━━━━━ Records supplied

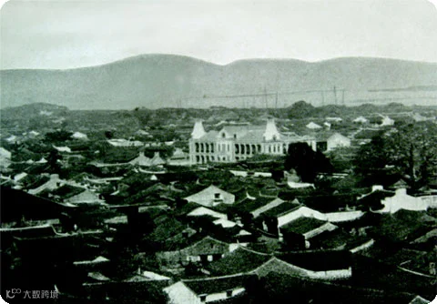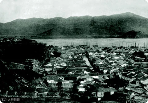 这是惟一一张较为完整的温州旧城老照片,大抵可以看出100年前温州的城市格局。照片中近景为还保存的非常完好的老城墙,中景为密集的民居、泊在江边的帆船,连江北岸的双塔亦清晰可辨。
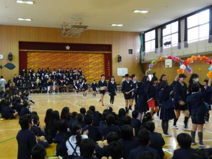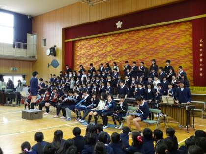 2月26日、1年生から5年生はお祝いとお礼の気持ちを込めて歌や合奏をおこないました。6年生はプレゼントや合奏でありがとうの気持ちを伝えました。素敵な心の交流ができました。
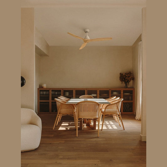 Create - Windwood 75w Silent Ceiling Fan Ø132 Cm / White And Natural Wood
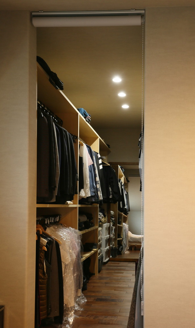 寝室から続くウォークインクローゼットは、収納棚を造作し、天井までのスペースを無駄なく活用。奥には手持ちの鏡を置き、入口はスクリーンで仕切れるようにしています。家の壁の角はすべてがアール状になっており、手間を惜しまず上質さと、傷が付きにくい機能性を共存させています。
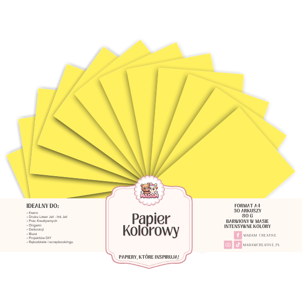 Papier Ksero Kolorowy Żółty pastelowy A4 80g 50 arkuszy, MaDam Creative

━━━━━━━━━━
━━━━━ Records supplied

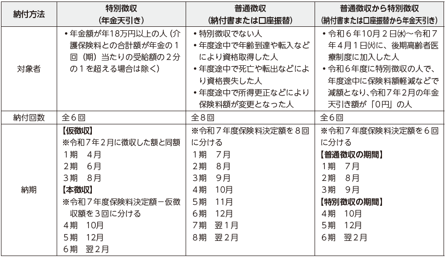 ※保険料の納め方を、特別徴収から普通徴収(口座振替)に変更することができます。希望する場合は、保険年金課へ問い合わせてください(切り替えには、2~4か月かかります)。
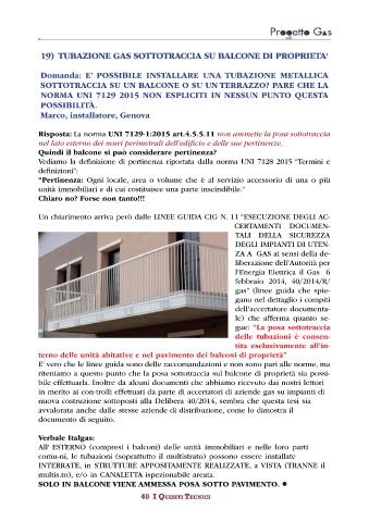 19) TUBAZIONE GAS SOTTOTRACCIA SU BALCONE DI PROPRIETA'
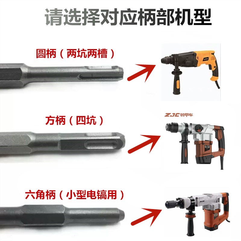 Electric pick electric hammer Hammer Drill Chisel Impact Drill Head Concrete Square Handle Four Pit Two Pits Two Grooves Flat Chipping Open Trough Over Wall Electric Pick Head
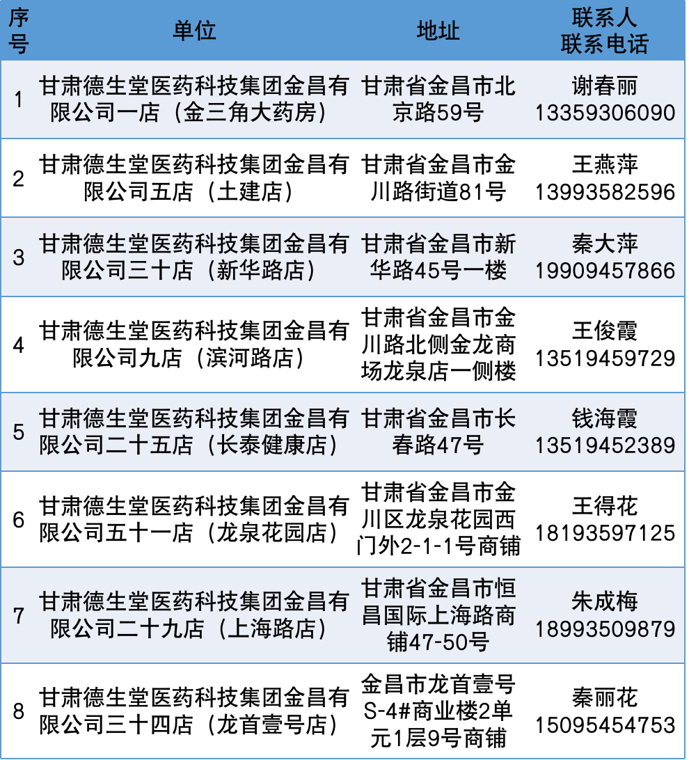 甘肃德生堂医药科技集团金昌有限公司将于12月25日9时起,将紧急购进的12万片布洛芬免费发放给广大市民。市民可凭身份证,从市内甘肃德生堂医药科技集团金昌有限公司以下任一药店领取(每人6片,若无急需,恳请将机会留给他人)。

━━━━━━━━━━
━━━━━ Records supplied

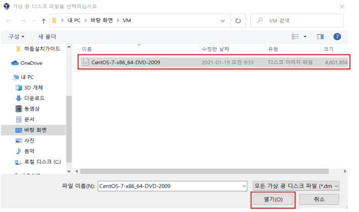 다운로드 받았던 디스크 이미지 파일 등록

━━━━━━━━━━

## What is required
Print exactly the lines above that run from the one with "2月26日、1年生から5年生" down to the one with "Papier Ksero Kolorowy", and omit the pictures.

## Task solution
 2月26日、1年生から5年生はお祝いとお礼の気持ちを込めて歌や合奏をおこないました。6年生はプレゼントや合奏でありがとうの気持ちを伝えました。素敵な心の交流ができました。
 Create - Windwood 75w Silent Ceiling Fan Ø132 Cm / White And Natural Wood
 寝室から続くウォークインクローゼットは、収納棚を造作し、天井までのスペースを無駄なく活用。奥には手持ちの鏡を置き、入口はスクリーンで仕切れるようにしています。家の壁の角はすべてがアール状になっており、手間を惜しまず上質さと、傷が付きにくい機能性を共存させています。
 Papier Ksero Kolorowy Żółty pastelowy A4 80g 50 arkuszy, MaDam Creative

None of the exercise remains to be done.